— GIVEN DATA —
----
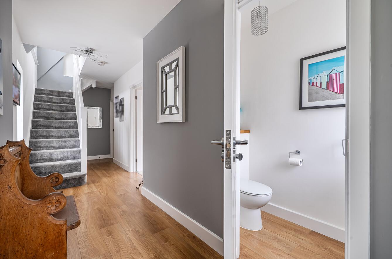 Cloakroom: - Wash basin with cupboard under, WC.
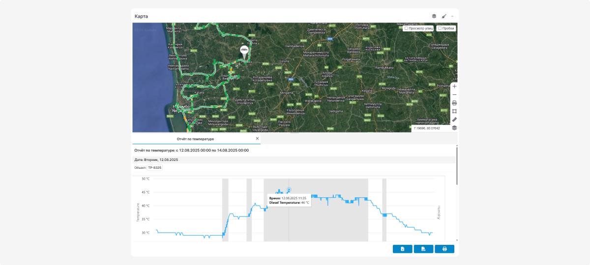 При нажатии на график температуры вы сразу увидите, где в этот момент находился транспорт на карте. Так вы можете отследить связь между изменениями температуры и маршрутом.
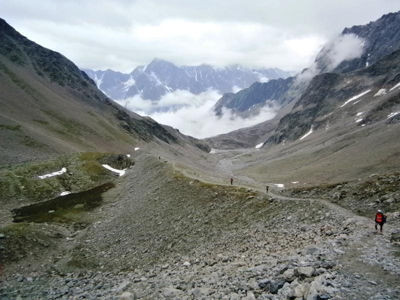 Wanderer im Abstieg von der Kaunergrat-Hütte
----
— PROBLEM REQUIREMENTS —
The data is to be returned exactly as it stands, pictures aside.

— EXPECTED ANSWER —
 Cloakroom: - Wash basin with cupboard under, WC.
 При нажатии на график температуры вы сразу увидите, где в этот момент находился транспорт на карте. Так вы можете отследить связь между изменениями температуры и маршрутом.
 Wanderer im Abstieg von der Kaunergrat-Hütte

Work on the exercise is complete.